According to the 2018 Draft Budgetary Plan (DBP), the cumulative reduction of the debt as a proportion of GDP in 2018-2020 (with the ratio forecast to decline to 123.9 per cent at the end of the period) depends not only favourable macroeconomic conditions but also on substantial primary surpluses, which in 2019-2020 are made possible primarily by the increases in VAT and excise duties provided for under the “safeguard clauses”.

 

The scenario delineated in the DBP is exposed to a number of factors of uncertainty and indeterminacy: the gradual reduction in revenue is partly financed by measures to combat tax evasion, which are difficult to estimate ex ante or of an extraordinary nature; interest rates could be adversely affected by the gradual tapering of quantitative easing and the uncertain outlook for the global economy; expenditure for public employment for this and the next few years depends on the volume of resources needed for contract renewals, which could be greater than those appropriated, and the easing of restrictions on turnover; and privatization receipts are uncertain and limited those that could be generated by real estate divestitures (an average of €1.2 billion a year in the last decade, but less than €1 billion in 2015 and 2016).

 

These elements of uncertainty are accompanied by a series of critical factors that will have to be addressed in the budget policy choices of the next legislature.

 

  • The possible elimination of the VAT and excise duty increases with no change in budget balances (0.7 per cent of GDP next year, 1 per cent the following year) would require alternative measures to finance the shortfall.
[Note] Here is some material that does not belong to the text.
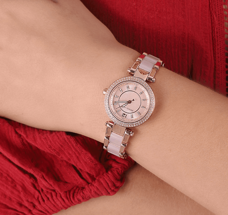 Le boîtier rond en acier inoxydable or rose mesure 33 mm de diamètre. Il abrite un mouvement à quartz à trois aiguilles de haute précision. Le bracelet est un mélange d’acier inoxydable or rose et de maillons en acétate rose. La montre est étanche jusqu’à 5 ATM.

Currently, there is no possibility of being granted additional flexibility in the application of the EU fiscal rules along the lines of that which allowed the deactivation of the safeguard clause for 2018 to be largely financed with deficit spending.

 

  • Measures to generate revenue through the reorganisation and reduction of tax expenditures, while officially studied in recent years, have not been implemented, and their rationalisation would have substantial redistributive and sectoral effects.

 

  • It is unlikely that major resources can be recovered from pension spending. In fact, the long-term sustainability of that spending could be jeopardised by unfunded modifications in the existing pension system, especially the changes introduced with the 2011 reform, which produced major current and future savings.

 

  • It seems improbable – and undesirable – for the reduction in public investment under way since 2010 to continue to contribute to deficit reduction, given the substantial funds authorised in recent budget packages.

 

  • After numerous measures, the level of healthcare spending as a percentage of GDP is one of the lowest among the major European countries. It is difficult to see where additional cuts could be made without reducing service quality or the scope of public intervention in this sector.